** Opening Provided material block **
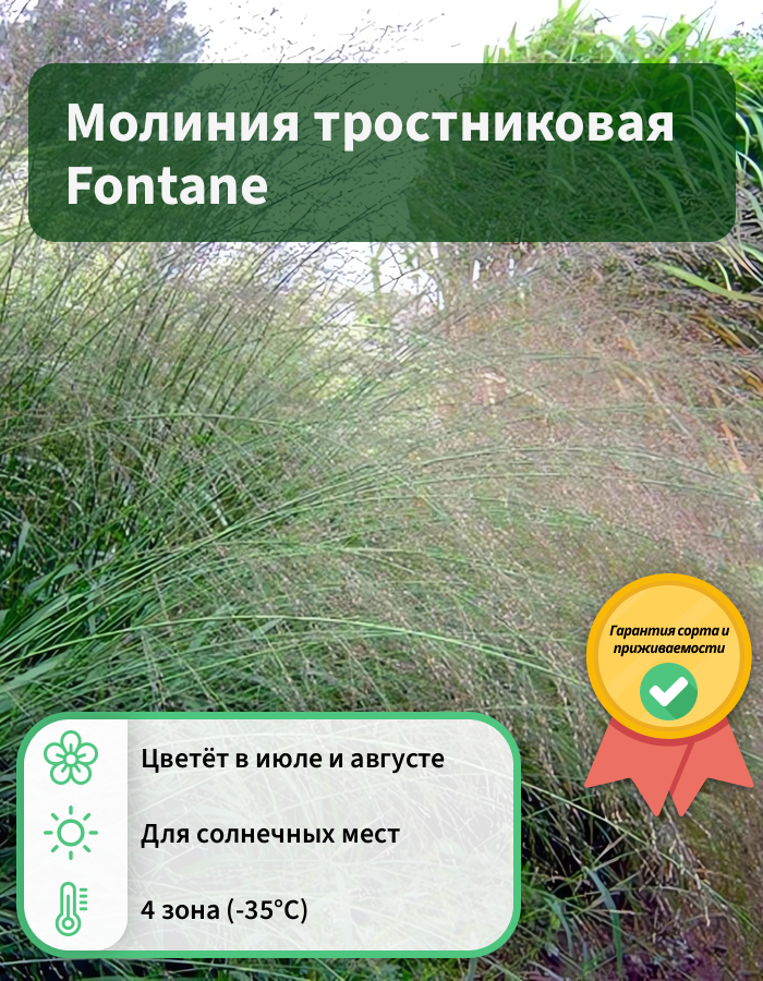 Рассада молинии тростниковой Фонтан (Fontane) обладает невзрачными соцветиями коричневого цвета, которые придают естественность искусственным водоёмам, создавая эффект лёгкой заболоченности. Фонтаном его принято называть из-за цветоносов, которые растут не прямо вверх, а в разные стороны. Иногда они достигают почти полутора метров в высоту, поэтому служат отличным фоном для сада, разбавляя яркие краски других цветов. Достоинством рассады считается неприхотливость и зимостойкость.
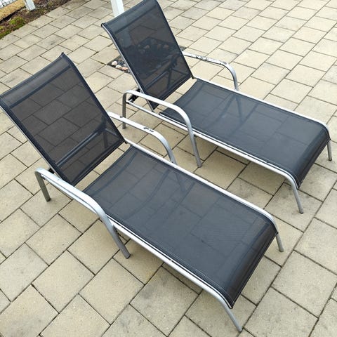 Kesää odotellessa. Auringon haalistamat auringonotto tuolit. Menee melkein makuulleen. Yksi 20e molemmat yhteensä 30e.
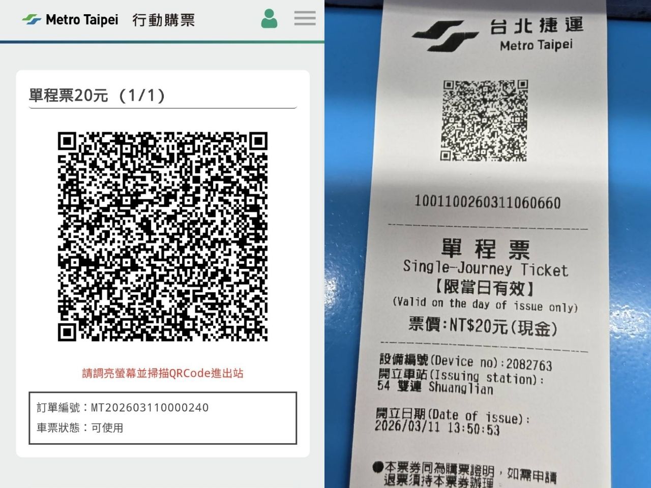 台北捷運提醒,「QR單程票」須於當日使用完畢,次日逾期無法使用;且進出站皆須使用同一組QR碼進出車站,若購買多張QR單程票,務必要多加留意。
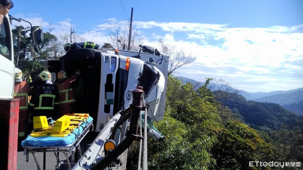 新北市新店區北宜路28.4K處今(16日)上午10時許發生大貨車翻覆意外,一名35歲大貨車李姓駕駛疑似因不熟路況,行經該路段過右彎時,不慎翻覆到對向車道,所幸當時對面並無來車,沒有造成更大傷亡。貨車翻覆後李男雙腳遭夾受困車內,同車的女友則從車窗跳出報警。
** Closing Provided material block **
** Opening Provided material block **
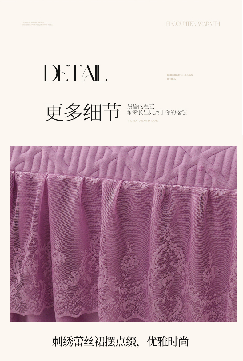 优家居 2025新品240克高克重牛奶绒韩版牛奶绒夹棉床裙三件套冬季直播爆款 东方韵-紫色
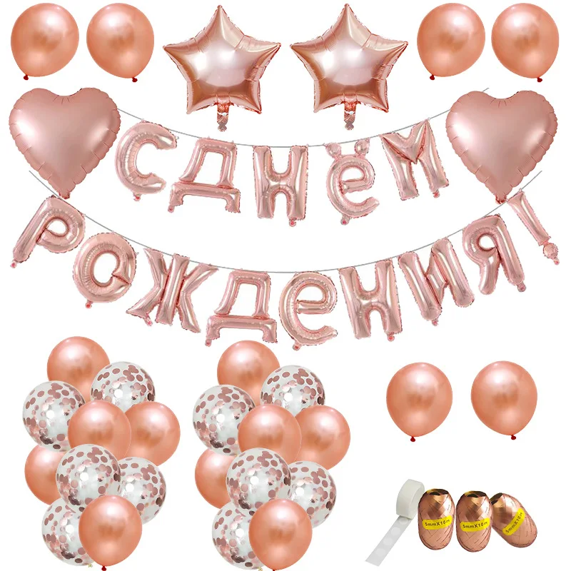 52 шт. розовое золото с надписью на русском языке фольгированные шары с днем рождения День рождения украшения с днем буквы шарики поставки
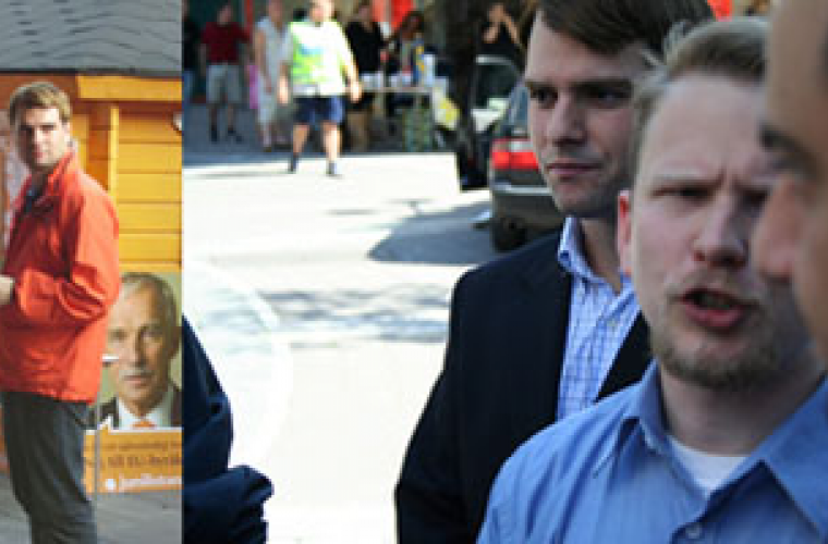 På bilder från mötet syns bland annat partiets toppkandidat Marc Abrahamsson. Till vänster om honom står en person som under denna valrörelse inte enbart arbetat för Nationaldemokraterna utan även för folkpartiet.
** Closing Provided material block **
Activity
Pictures excluded, give again exactly and only the lines of the material above from the line with "Рассада молинии тростниковой" through the line with "新北市新店區北宜路28.4K".

Answer section
 Рассада молинии тростниковой Фонтан (Fontane) обладает невзрачными соцветиями коричневого цвета, которые придают естественность искусственным водоёмам, создавая эффект лёгкой заболоченности. Фонтаном его принято называть из-за цветоносов, которые растут не прямо вверх, а в разные стороны. Иногда они достигают почти полутора метров в высоту, поэтому служат отличным фоном для сада, разбавляя яркие краски других цветов. Достоинством рассады считается неприхотливость и зимостойкость.
 Kesää odotellessa. Auringon haalistamat auringonotto tuolit. Menee melkein makuulleen. Yksi 20e molemmat yhteensä 30e.
 台北捷運提醒,「QR單程票」須於當日使用完畢,次日逾期無法使用;且進出站皆須使用同一組QR碼進出車站,若購買多張QR單程票,務必要多加留意。
 新北市新店區北宜路28.4K處今(16日)上午10時許發生大貨車翻覆意外,一名35歲大貨車李姓駕駛疑似因不熟路況,行經該路段過右彎時,不慎翻覆到對向車道,所幸當時對面並無來車,沒有造成更大傷亡。貨車翻覆後李男雙腳遭夾受困車內,同車的女友則從車窗跳出報警。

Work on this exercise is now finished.